### Exercise brief
Look through the data and write out every line with the word "such" in it.

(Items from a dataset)
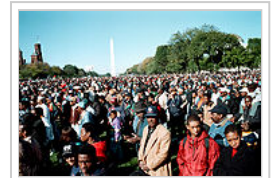
October 16: Million Man March
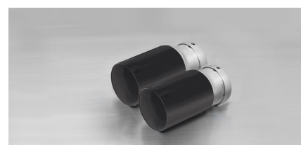
#03GB: tail pipes Ø 76 mm, straight cut, Black Chrome
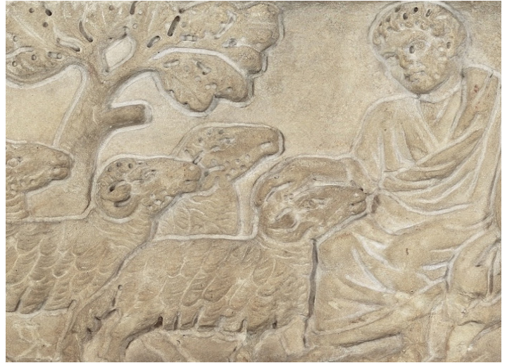
Sarcophagus Lid with Last Judgment, 3rd-4th Century, Metropolitan Museum of Art (Gallery 300), New York

With that in mind, I'd like to host two sessions on Sundays in
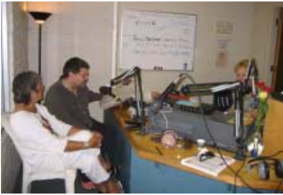
"Free and Clear" Co-hosts - a Demo, an LPer, and a Reform

The LPSCC doesn't often get publicity over the radio waves, but it happened twice in July, once on big KGO 810 AM covering the whole Bay Area, and once on little KKUP 91.5 FM covering all of Santa Clara and Cupertino.
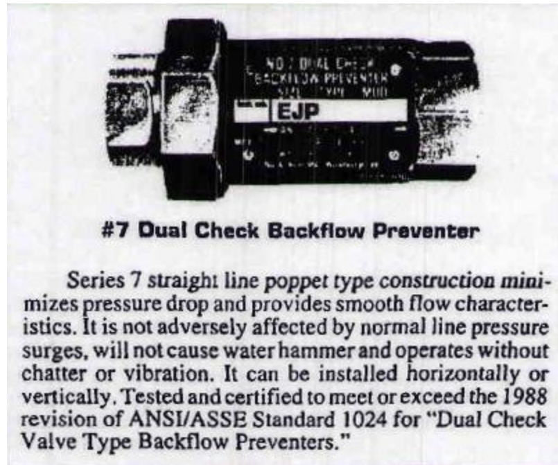
Figure 2 - Dual Check Backflow Preventer
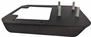
7160-1821 Honeywell RP2 Printer Mount
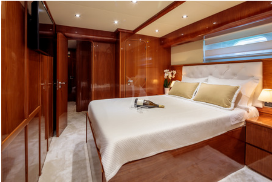
Double Cabin 2
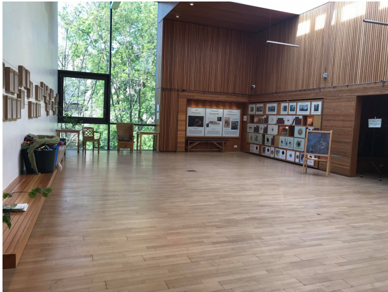
Photo showing the Storytelling Court with no furniture.
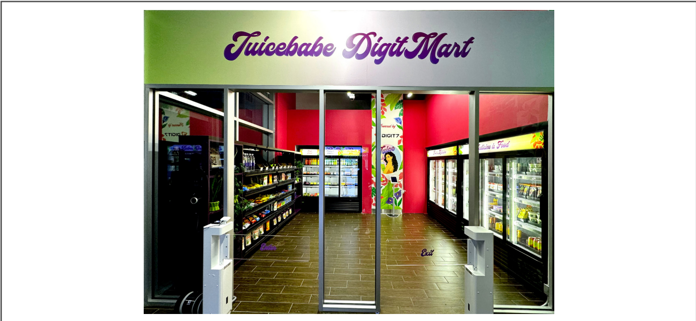
Figure 1. View of JuiceBabe DigitMart. Customers scan their payment cards on the entrance gate to the left and the system notes what items they select as they shop.
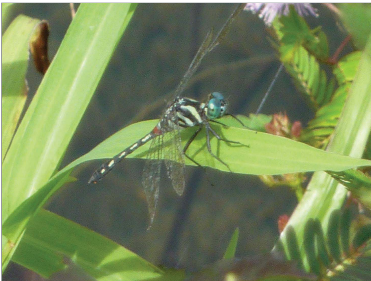
Figure 44. Diplacina braueri male.

Recorded: Malat River, Burdeos, Polillo Is.
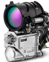
Neutrino LC CZF 25-250
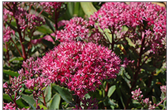
Carl Stonecrop flowers
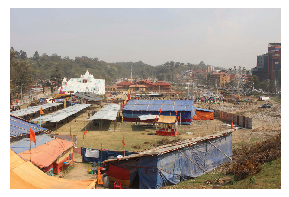
Figure 4. Temporary temple complex erected for Shivaratri at Pashupatinath, Nepal.

Sometimes completely new temples are erected during festivals. During Shivaratri at Pashupatinath temple, in Nepal, a large temporary temple, constructed of bamboo and plastic, is built within the monument complex to accommodate the influx of pilgrims who wish to attend temples and the temporary markets set up during the festival (Figure 4). Further examples of such temporary structures are found throughout the year at Pashupatinath, including a Shivalinga constructed from fabric, which was built during observances for Bala Chaturdashi, when those who have died within the past year are remembered (Figure 5). Erected for short time periods
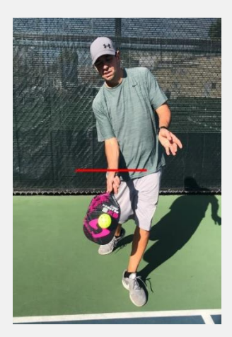
Figure 4-1 (legal serve)
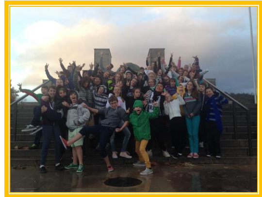
A cold and wet afternoon at the War Memorial
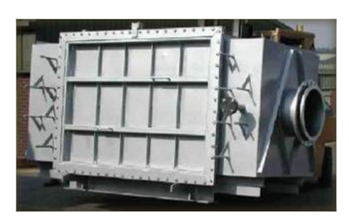
SCR Catalyst Housing
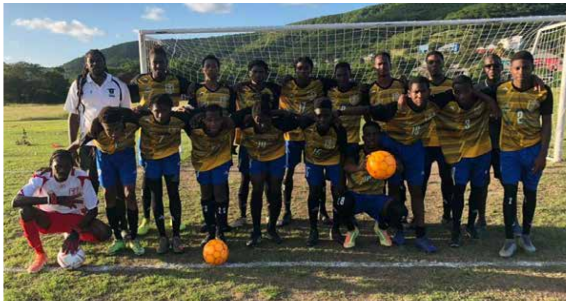
The Jennings United Football Team.

Black Hawks came from behind to claim their first win in this season's premier league by pulling off a 2-1 win over Cedar Grove Blue Jays at the ABFA's Technical Center.
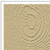
Teak and Oak
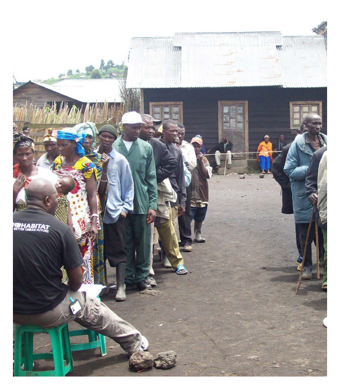
A land mediation centre in eastern-DRC

83Above footnote, p.13 84 Above footnote, p. 31, 48
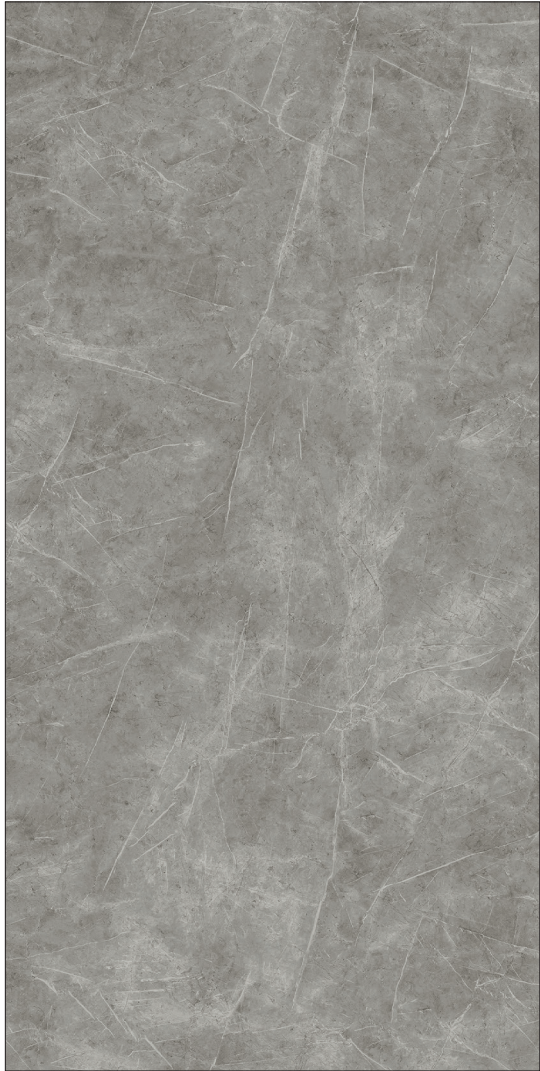
163 x 324 x 1.2 cm (64" x 128" x 0.5") Matte WA.MO.GSL.64x128.MT
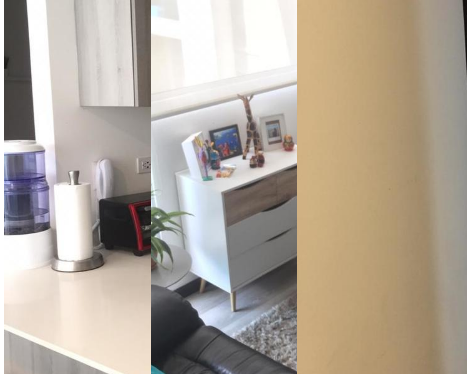
• Status: Active/Published

• Property Type: Condo • Bedrooms: 3 • Built: 2019 • Size: 116 sq m • 0.03 Acres • Floor Area (SQFT): 1,249
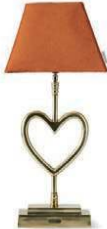
With Love Table Lamp soft gold, Velvet Square Lampshade pumpkin, 15 x 20 cm.
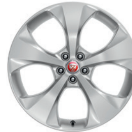
20" 5 SPOKE 'STYLE 5054' Standard on E-PACE HSE C57F
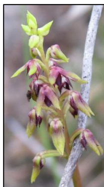
Corunastylis ruppilii Summer-Autumn
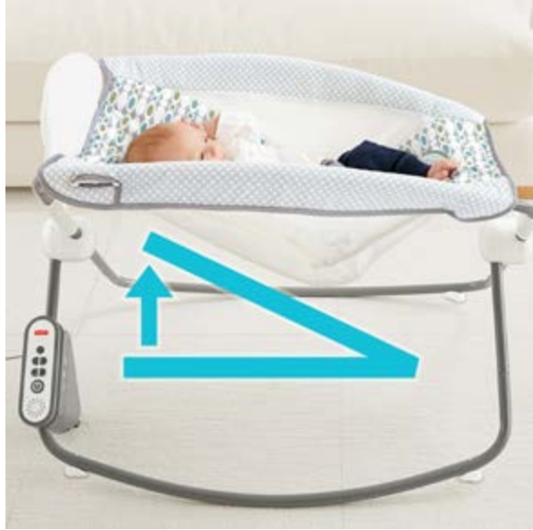
Above: Figure 2
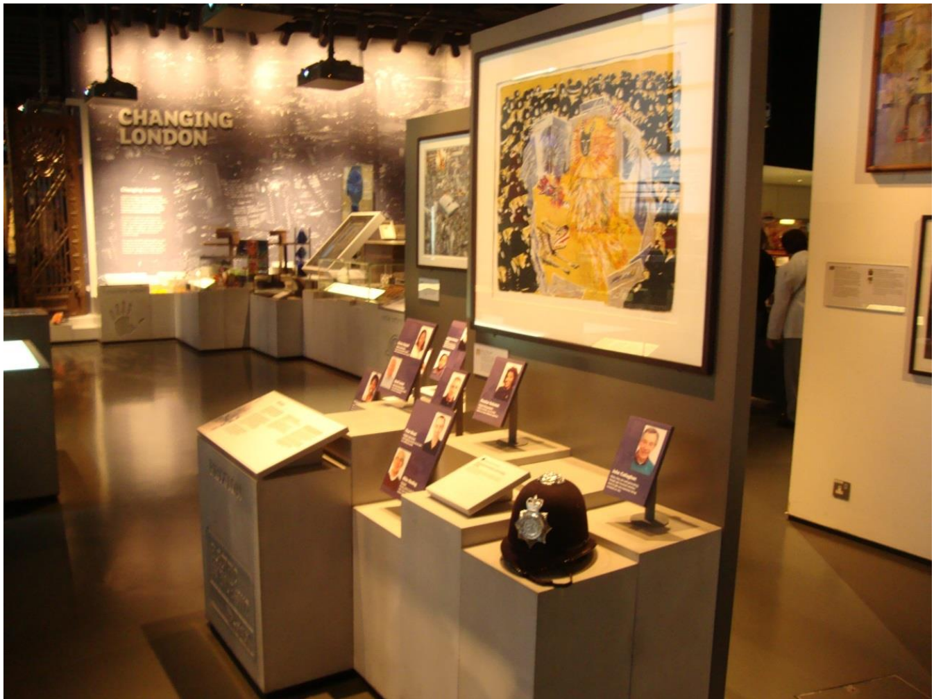
Figure 4 – Part of the World City gallery, showing the Brixton riot display.

accommodated and the museum would have included a relatively high-profile civic engagement project, and engaging oral histories of what it was like during the time of the riots.
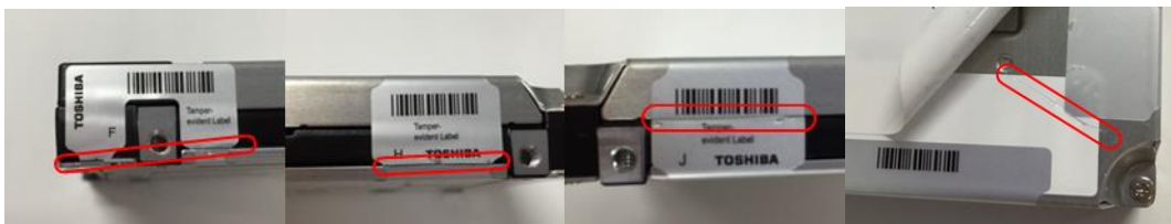
Cutting line (Security seals and OUTER SHEET)
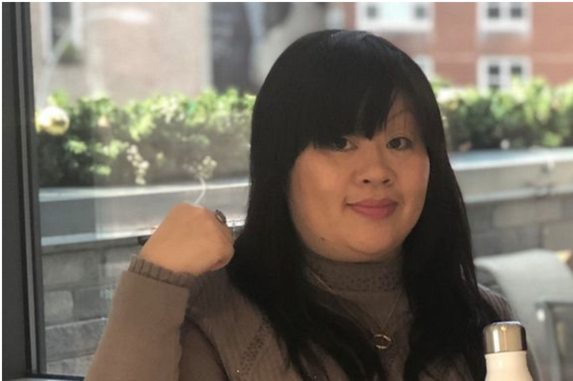
Client Services Specialist
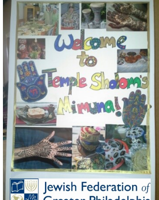
Greater Philadelphia CENTER for ISRAEL & OVERSEAS
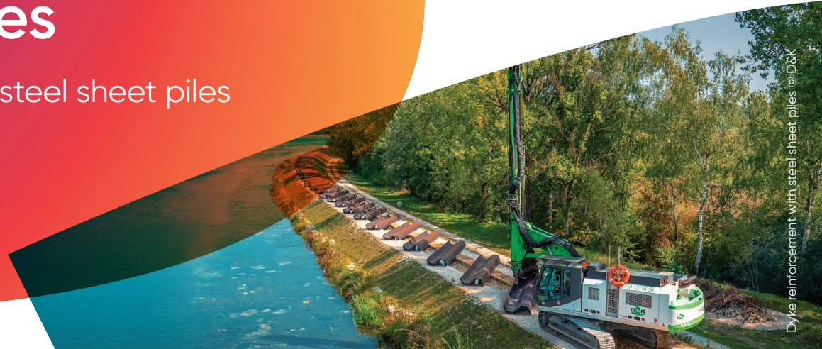
Dyke reinforcement with steel sheet piles
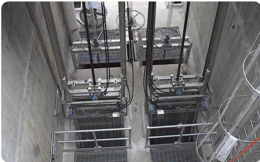
Maintenance-free Ball Screw Drive

With its unique angle bar design the Flo-Screen retains solids more efficiently than conventional bar screens by increasing the screen's surface area. An innovative saw-tooth rake removes more solids and grease buildup by increasing the rake-to-screen contact area. Between cleaning cycles, the rake is parked at the bottom of the channel in position to remove any gross solids that might otherwise cause other screens to jam.
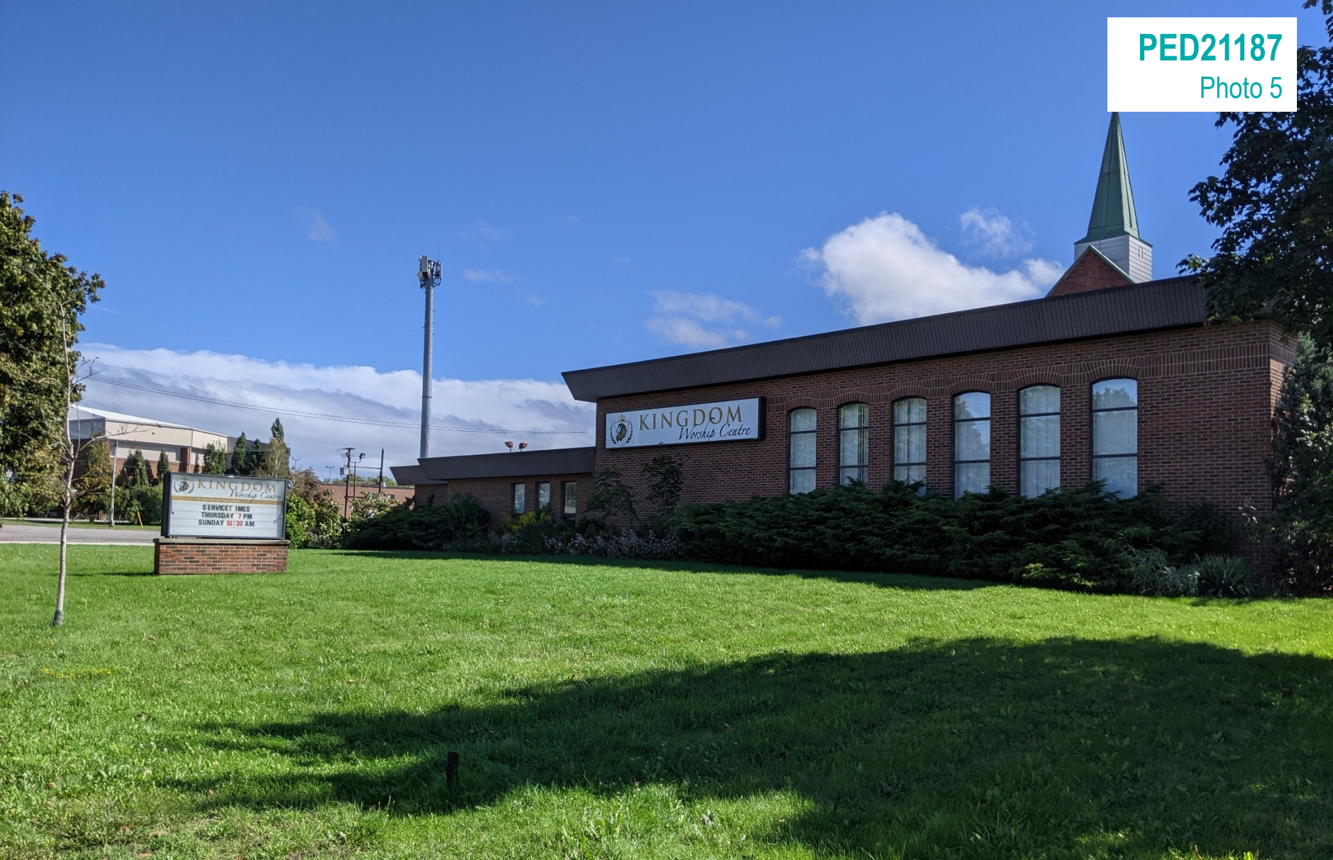
Place of worship on site to be demolished
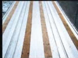
Drop Deck with Four Nailers
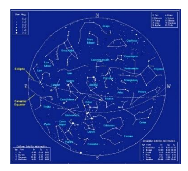
Figure 5: Celestial Constellations by aeroman3. (Unknown: Creativecommons.org,2021)

"Heavens 3" (fig. 8) is a depiction of the hoopoe bird from backwards. This time the figure itself is executed in different light tints of warm colored spots over a background of irregular warm colored lines and spaces of dark red shades. The overall execution is inspired with the traditional aboriginal painting technique of drawing in Australia, such as in "Witchetty Grub Dreaming" by the artist Jennifer Napaljarri Lewis. (Wepf, 2018). Similarly, the researcher used different spaces of coloring in relation with different values of colors and sizes for the spots, like in (fig. 9). Moreover, the vertical body is drawn in a position that resembles the Osirian form of the deceased.
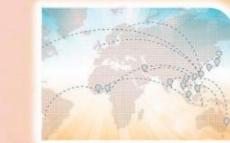
1 Despite the Pandemic, We Harvest
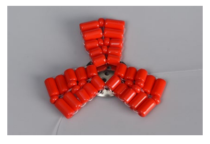
Step 14: Sew the FPB o the sieve above the central holes. Sew through it 2x. Tie off and cut the line.
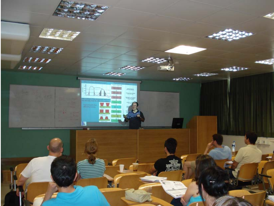
In the lecture hall
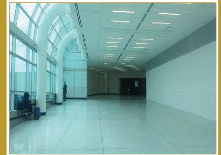
Charlotte Douglas International Airport, Charlotte, NC
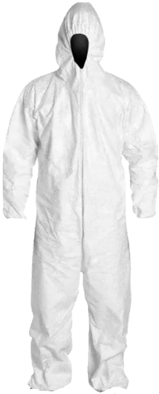
FULL PROTECTIVE SUIT

### Problem solution
Sometimes completely new temples are erected during festivals. During Shivaratri at Pashupatinath temple, in Nepal, a large temporary temple, constructed of bamboo and plastic, is built within the monument complex to accommodate the influx of pilgrims who wish to attend temples and the temporary markets set up during the festival (Figure 4). Further examples of such temporary structures are found throughout the year at Pashupatinath, including a Shivalinga constructed from fabric, which was built during observances for Bala Chaturdashi, when those who have died within the past year are remembered (Figure 5). Erected for short time periods
"Heavens 3" (fig. 8) is a depiction of the hoopoe bird from backwards. This time the figure itself is executed in different light tints of warm colored spots over a background of irregular warm colored lines and spaces of dark red shades. The overall execution is inspired with the traditional aboriginal painting technique of drawing in Australia, such as in "Witchetty Grub Dreaming" by the artist Jennifer Napaljarri Lewis. (Wepf, 2018). Similarly, the researcher used different spaces of coloring in relation with different values of colors and sizes for the spots, like in (fig. 9). Moreover, the vertical body is drawn in a position that resembles the Osirian form of the deceased.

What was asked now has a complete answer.